▶ [WORK INSTRUCTION]
Pictures stay out; everything else in the listing below is to be restated word for word.
___ DATA FOR ANALYSIS
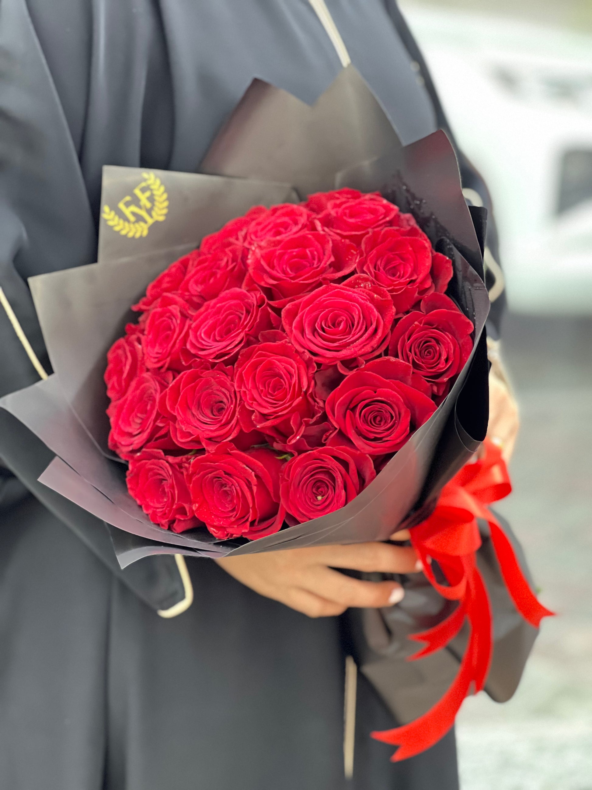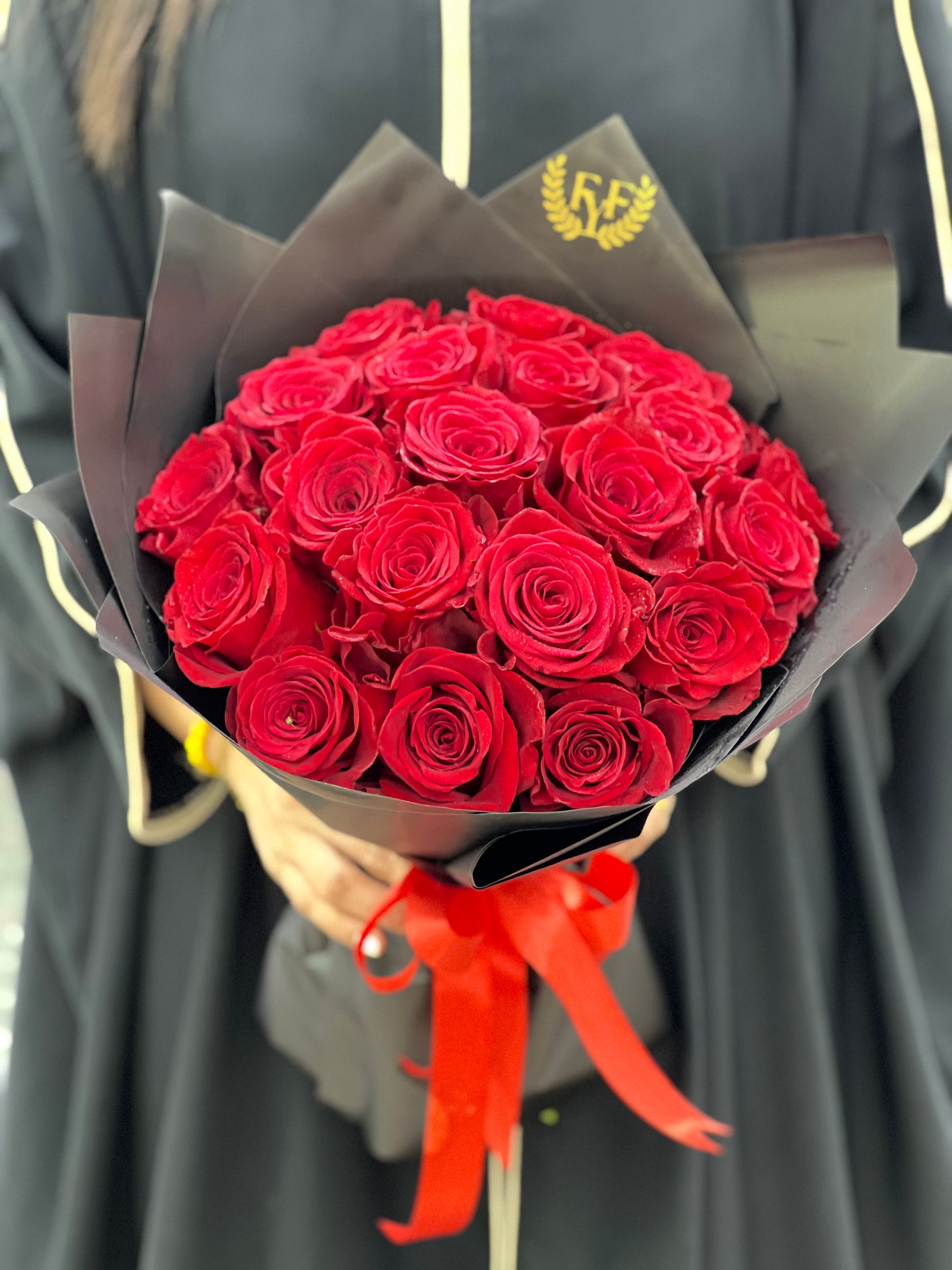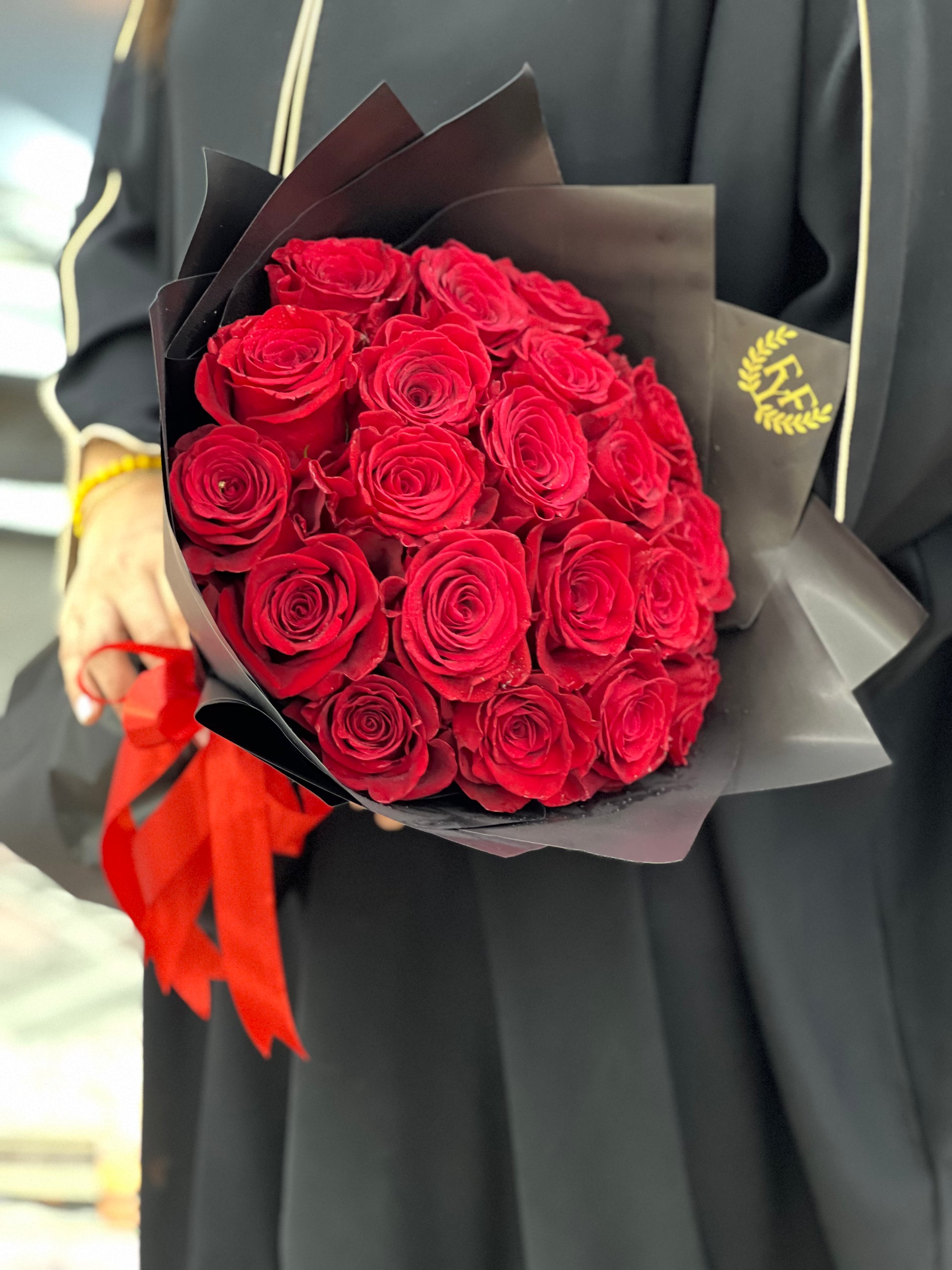 These 20pcs red roses in black flower wrapping with red satin ribbon, the must gift in all occasions.
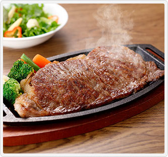 松阪牛は日本三大和牛の1つで、三重県雲出川から宮川にかけての地区で肥育された黒毛和種の未経産の雌牛に限られ、さらに厳しい管理のもとに生産されています。霜降りの旨みが際立つサーロインをステーキでお楽しみください。
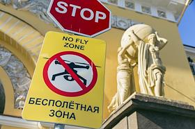 Жанровая фотография. Знак "Запрет на полеты квадрокоптеров". Предупреждение о запрете полетов. Бесполетная зона.
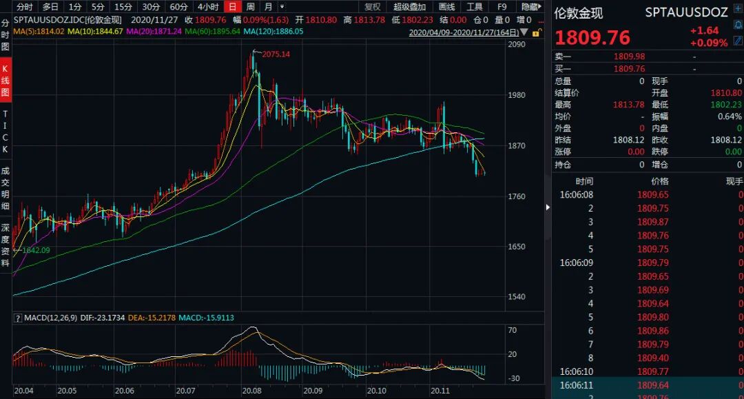 11月初以来,黄金巨幅下挫,接连下破重要关口。当前,现货黄金距离历史高点已大幅下滑,围绕1800美元/盎司展开拉锯。截至今日发稿,国际现货黄金日内涨0.05%,报1809.10美元/盎司。
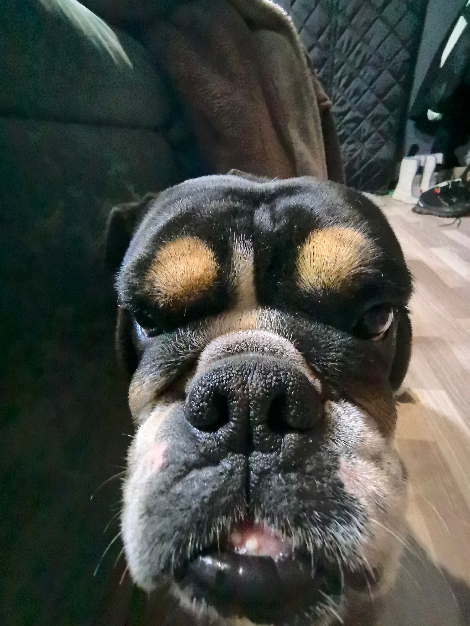 A very close-up, headshot photograph captures a charming dog looking directly at the camera. The dog, likely a bulldog or a similar brachycephalic breed, has short, dense fur with a dominant black col…read more
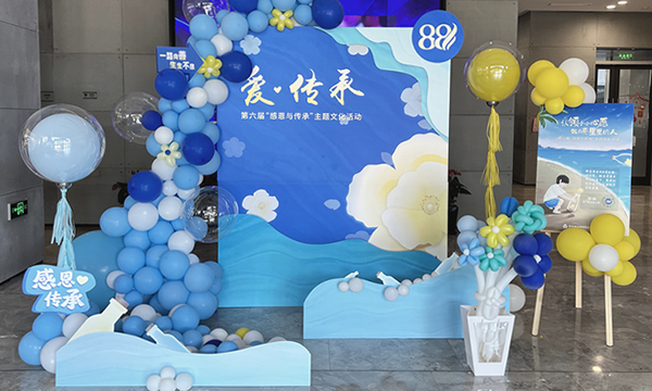 七年來(lái),“感恩與傳承”主題文化活動(dòng)成為了龍?jiān)髽I(yè)文化的重要載體。在第四屆“感恩與傳承”主題文化活動(dòng)上,集團(tuán)將“愛(ài)·傳承”定為主題,倡導(dǎo)龍?jiān)顺迅卸髦模瑢⒂霉嫘袆?dòng)回饋社會(huì)大眾,傳承大愛(ài)。自此開(kāi)始,“愛(ài)·傳承”的主題也一直延用了下來(lái),今年主背景板設(shè)計(jì)了“海上花開(kāi)”的形象,也寓意著龍?jiān)耙宦废蛏疲幌ⅰ薄?/span>
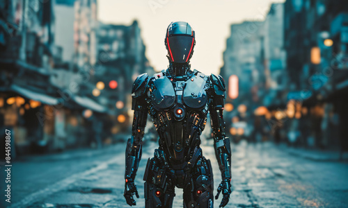 Website Banner, Futuristic Robot with Sleek Design and Red Eyes in Urban Setting, AI, Robotics, Technology, Cyberpunk
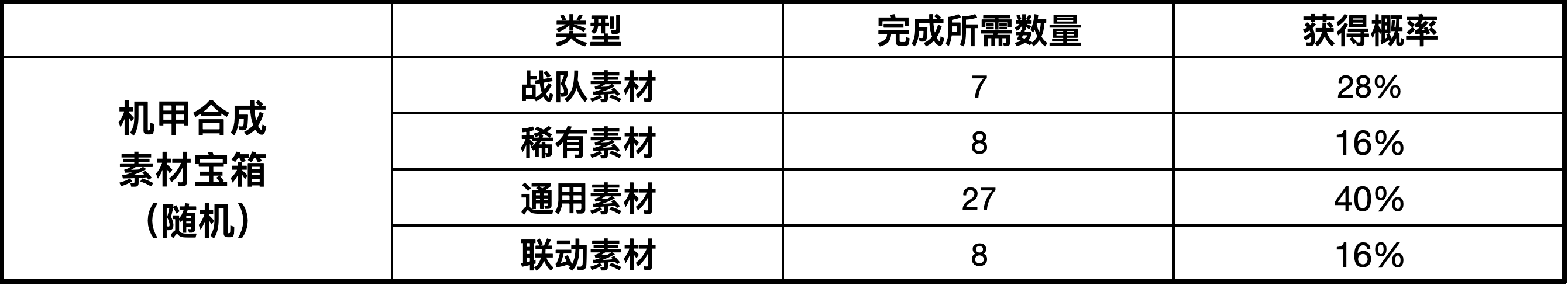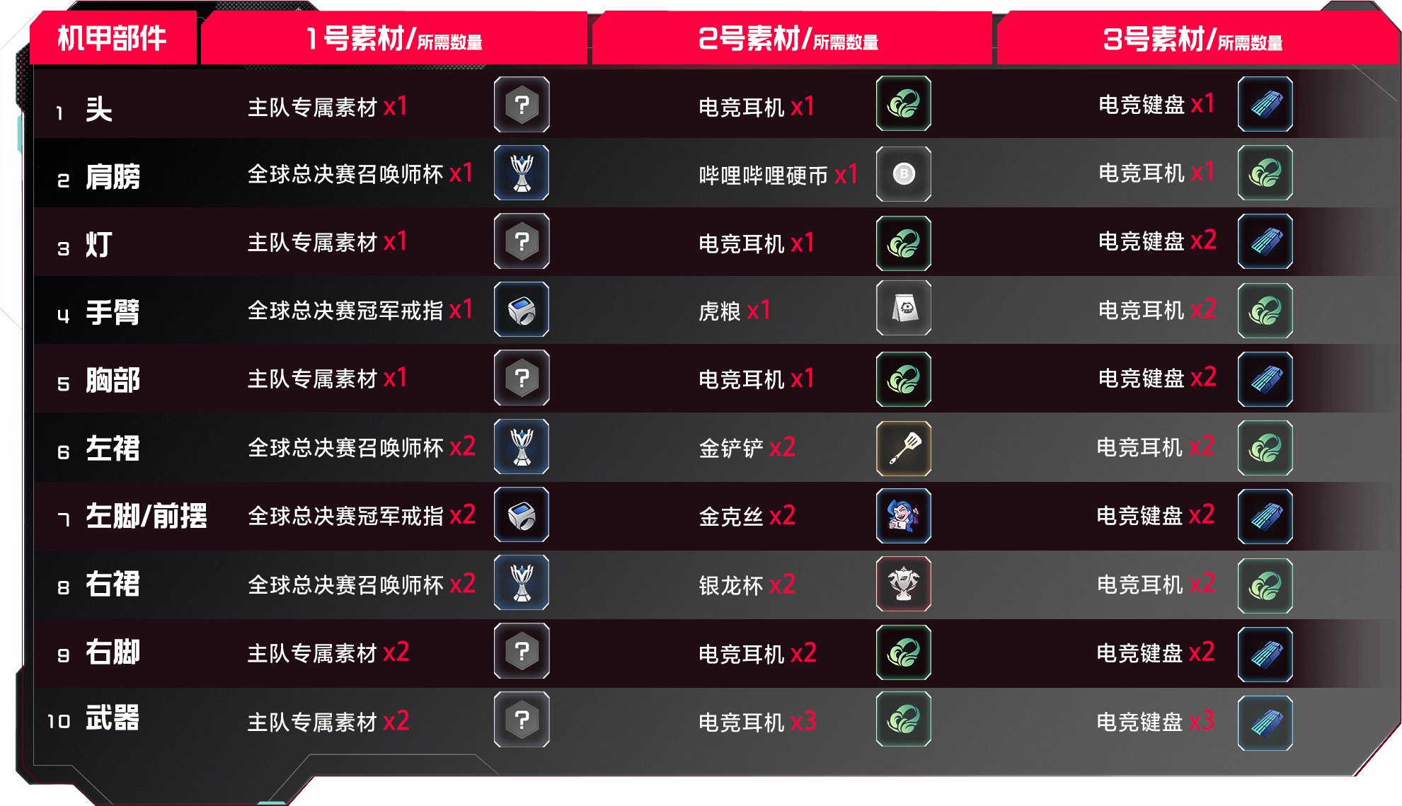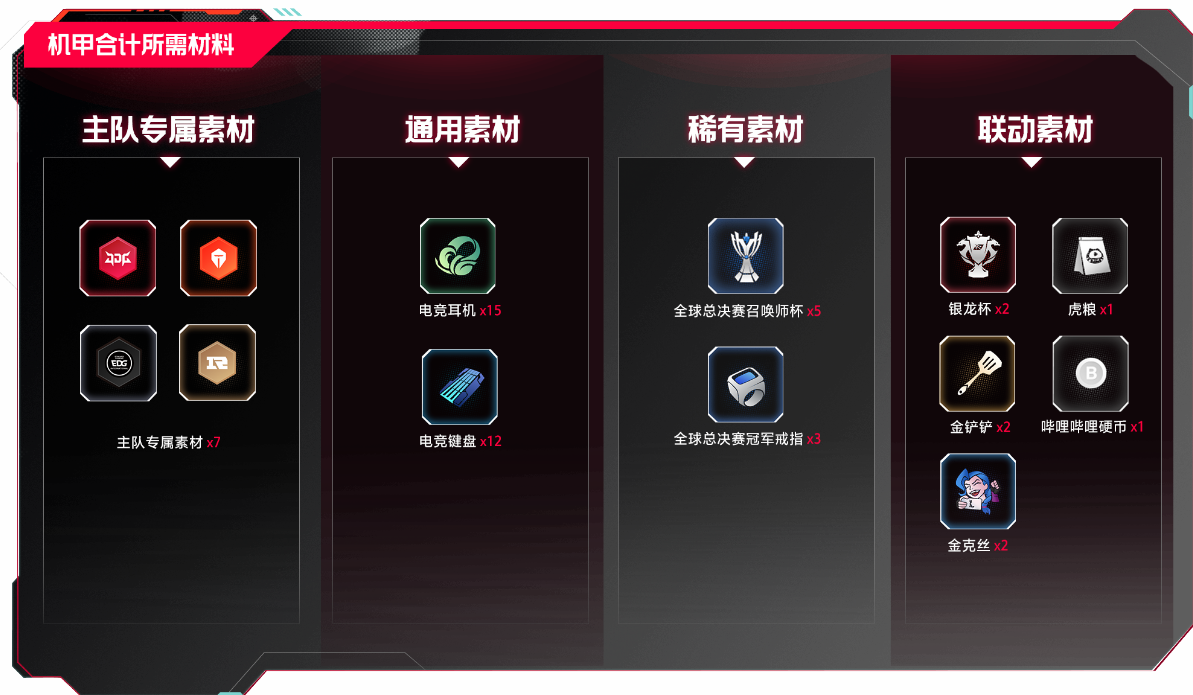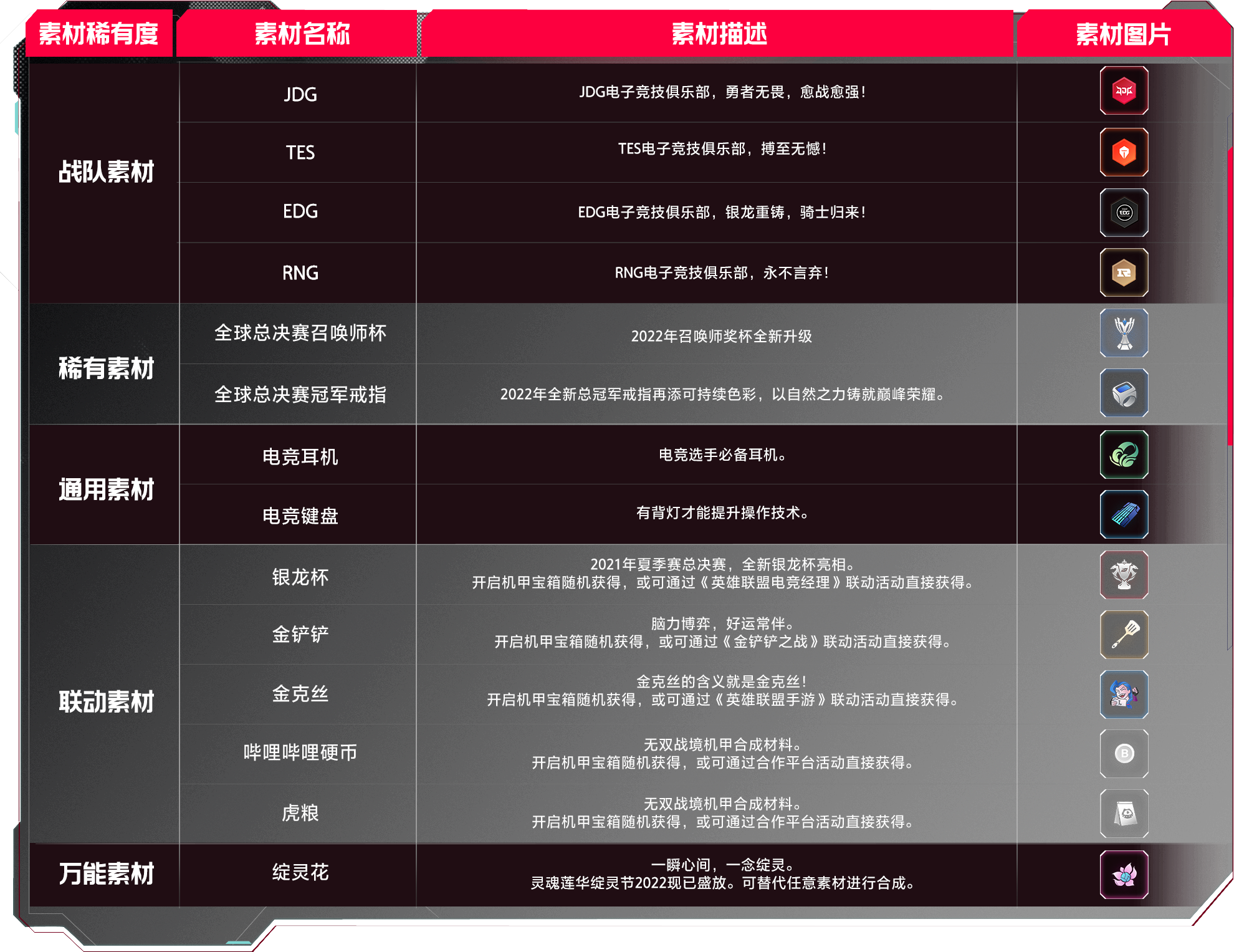 ** 关于机甲素材:机甲素材可从通过任务获得的“机甲合成素材宝箱”内随机获得(宝箱内含素材种类请以页面描述为准),其中联动素材还可通过英雄联盟手游、金铲铲之战、英雄联盟电竞经理及合作平台的联动活动内直接获得。
______
▶ [YOUR RESPONSE]
 These 20pcs red roses in black flower wrapping with red satin ribbon, the must gift in all occasions.
 松阪牛は日本三大和牛の1つで、三重県雲出川から宮川にかけての地区で肥育された黒毛和種の未経産の雌牛に限られ、さらに厳しい管理のもとに生産されています。霜降りの旨みが際立つサーロインをステーキでお楽しみください。
 Жанровая фотография. Знак "Запрет на полеты квадрокоптеров". Предупреждение о запрете полетов. Бесполетная зона.
 11月初以来,黄金巨幅下挫,接连下破重要关口。当前,现货黄金距离历史高点已大幅下滑,围绕1800美元/盎司展开拉锯。截至今日发稿,国际现货黄金日内涨0.05%,报1809.10美元/盎司。
 A very close-up, headshot photograph captures a charming dog looking directly at the camera. The dog, likely a bulldog or a similar brachycephalic breed, has short, dense fur with a dominant black col…read more
 七年來(lái),“感恩與傳承”主題文化活動(dòng)成為了龍?jiān)髽I(yè)文化的重要載體。在第四屆“感恩與傳承”主題文化活動(dòng)上,集團(tuán)將“愛(ài)·傳承”定為主題,倡導(dǎo)龍?jiān)顺迅卸髦模瑢⒂霉嫘袆?dòng)回饋社會(huì)大眾,傳承大愛(ài)。自此開(kāi)始,“愛(ài)·傳承”的主題也一直延用了下來(lái),今年主背景板設(shè)計(jì)了“海上花開(kāi)”的形象,也寓意著龍?jiān)耙宦废蛏疲幌ⅰ薄?/span>
 Website Banner, Futuristic Robot with Sleek Design and Red Eyes in Urban Setting, AI, Robotics, Technology, Cyberpunk
 ** 关于机甲素材:机甲素材可从通过任务获得的“机甲合成素材宝箱”内随机获得(宝箱内含素材种类请以页面描述为准),其中联动素材还可通过英雄联盟手游、金铲铲之战、英雄联盟电竞经理及合作平台的联动活动内直接获得。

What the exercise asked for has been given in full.